Action item: Your answer is the lines below, exactly, from the one that contains "拿起四葉草,走到小池塘的碼頭上,在游泳的鴨子身上使用四葉草。" through the one that contains "L'applique da parete", both included.

Records for the exercise:
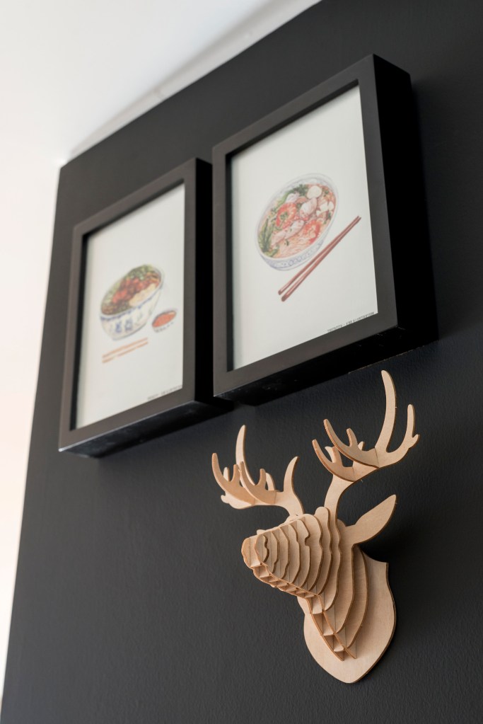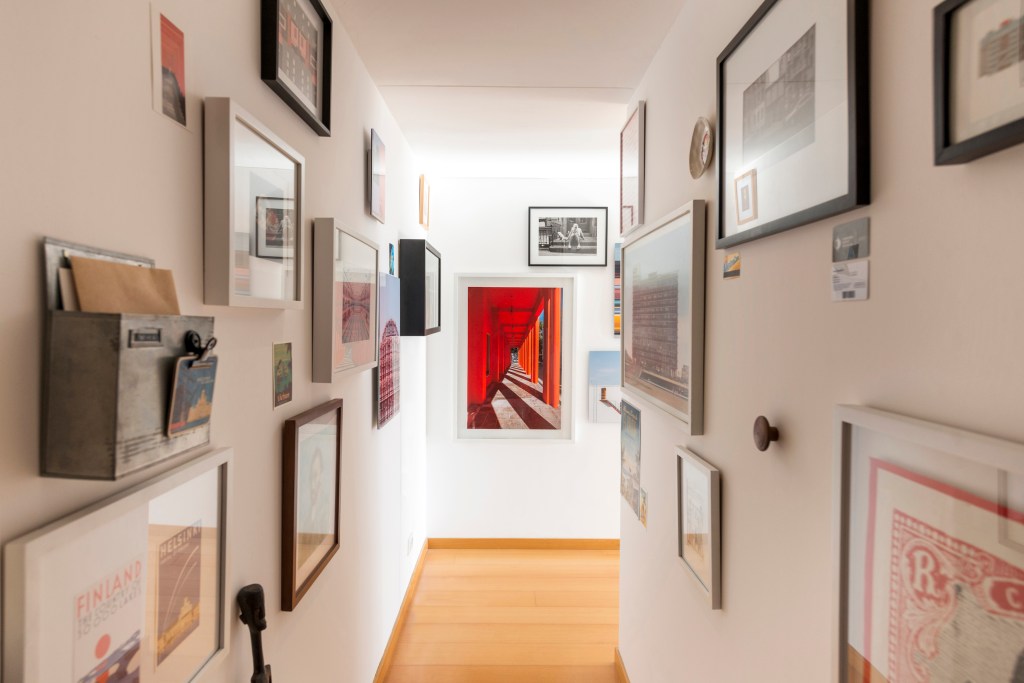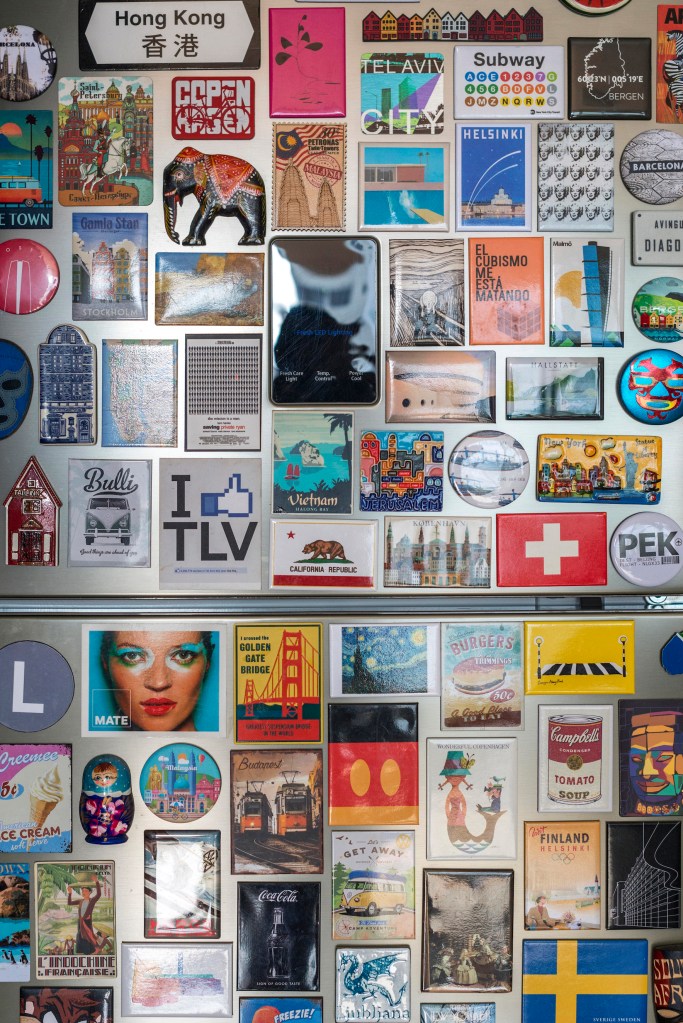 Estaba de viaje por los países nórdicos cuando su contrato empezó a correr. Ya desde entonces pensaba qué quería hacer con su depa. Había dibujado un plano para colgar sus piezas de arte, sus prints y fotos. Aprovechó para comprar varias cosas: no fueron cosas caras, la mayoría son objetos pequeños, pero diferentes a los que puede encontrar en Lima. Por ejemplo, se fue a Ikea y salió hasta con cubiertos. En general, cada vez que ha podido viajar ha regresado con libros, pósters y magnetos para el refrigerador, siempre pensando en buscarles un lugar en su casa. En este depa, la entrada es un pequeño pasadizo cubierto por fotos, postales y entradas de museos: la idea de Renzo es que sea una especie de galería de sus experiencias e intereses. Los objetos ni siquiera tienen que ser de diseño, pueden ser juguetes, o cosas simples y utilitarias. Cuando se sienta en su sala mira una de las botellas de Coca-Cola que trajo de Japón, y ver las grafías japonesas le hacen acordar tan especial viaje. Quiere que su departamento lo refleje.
--
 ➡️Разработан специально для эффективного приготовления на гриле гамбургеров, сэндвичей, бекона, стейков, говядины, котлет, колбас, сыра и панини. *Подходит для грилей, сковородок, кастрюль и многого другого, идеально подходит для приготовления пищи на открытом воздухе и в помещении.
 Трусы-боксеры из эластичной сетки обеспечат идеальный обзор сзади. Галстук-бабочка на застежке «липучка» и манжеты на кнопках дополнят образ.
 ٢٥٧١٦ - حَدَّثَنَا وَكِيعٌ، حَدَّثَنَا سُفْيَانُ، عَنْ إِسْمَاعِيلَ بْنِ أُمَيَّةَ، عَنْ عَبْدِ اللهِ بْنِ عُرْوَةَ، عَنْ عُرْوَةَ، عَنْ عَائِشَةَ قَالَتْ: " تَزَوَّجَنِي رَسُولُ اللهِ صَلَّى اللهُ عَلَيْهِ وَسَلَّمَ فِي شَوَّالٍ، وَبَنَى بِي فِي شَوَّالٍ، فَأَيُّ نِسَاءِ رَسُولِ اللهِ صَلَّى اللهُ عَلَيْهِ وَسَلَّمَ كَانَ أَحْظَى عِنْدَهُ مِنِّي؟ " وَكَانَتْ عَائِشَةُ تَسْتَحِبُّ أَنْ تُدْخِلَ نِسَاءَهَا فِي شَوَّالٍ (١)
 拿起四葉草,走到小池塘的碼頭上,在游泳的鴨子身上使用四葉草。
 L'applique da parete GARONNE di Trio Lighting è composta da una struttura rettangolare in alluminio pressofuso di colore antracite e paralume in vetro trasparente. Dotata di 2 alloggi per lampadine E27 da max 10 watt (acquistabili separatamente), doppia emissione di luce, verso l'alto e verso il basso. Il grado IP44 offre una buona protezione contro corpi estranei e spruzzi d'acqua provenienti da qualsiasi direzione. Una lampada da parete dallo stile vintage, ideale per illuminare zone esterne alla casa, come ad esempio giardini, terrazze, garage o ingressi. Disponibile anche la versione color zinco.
* * *
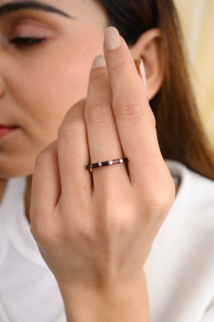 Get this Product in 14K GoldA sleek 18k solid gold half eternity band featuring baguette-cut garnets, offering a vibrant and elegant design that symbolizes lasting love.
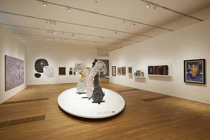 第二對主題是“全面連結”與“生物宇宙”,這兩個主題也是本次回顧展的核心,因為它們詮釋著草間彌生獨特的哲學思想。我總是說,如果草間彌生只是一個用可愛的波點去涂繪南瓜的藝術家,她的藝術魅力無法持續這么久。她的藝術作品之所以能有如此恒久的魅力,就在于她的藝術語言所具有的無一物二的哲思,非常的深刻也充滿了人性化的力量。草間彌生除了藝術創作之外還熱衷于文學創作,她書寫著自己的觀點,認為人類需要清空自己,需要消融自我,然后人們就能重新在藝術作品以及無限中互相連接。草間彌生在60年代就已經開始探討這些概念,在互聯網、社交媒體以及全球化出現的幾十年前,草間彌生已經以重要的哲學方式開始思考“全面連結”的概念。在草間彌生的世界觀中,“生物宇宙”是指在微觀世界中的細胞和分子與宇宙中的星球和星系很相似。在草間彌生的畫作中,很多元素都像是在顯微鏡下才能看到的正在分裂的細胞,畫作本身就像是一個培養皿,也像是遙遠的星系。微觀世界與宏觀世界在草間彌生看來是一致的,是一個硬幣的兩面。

Response:
 拿起四葉草,走到小池塘的碼頭上,在游泳的鴨子身上使用四葉草。
 L'applique da parete GARONNE di Trio Lighting è composta da una struttura rettangolare in alluminio pressofuso di colore antracite e paralume in vetro trasparente. Dotata di 2 alloggi per lampadine E27 da max 10 watt (acquistabili separatamente), doppia emissione di luce, verso l'alto e verso il basso. Il grado IP44 offre una buona protezione contro corpi estranei e spruzzi d'acqua provenienti da qualsiasi direzione. Una lampada da parete dallo stile vintage, ideale per illuminare zone esterne alla casa, come ad esempio giardini, terrazze, garage o ingressi. Disponibile anche la versione color zinco.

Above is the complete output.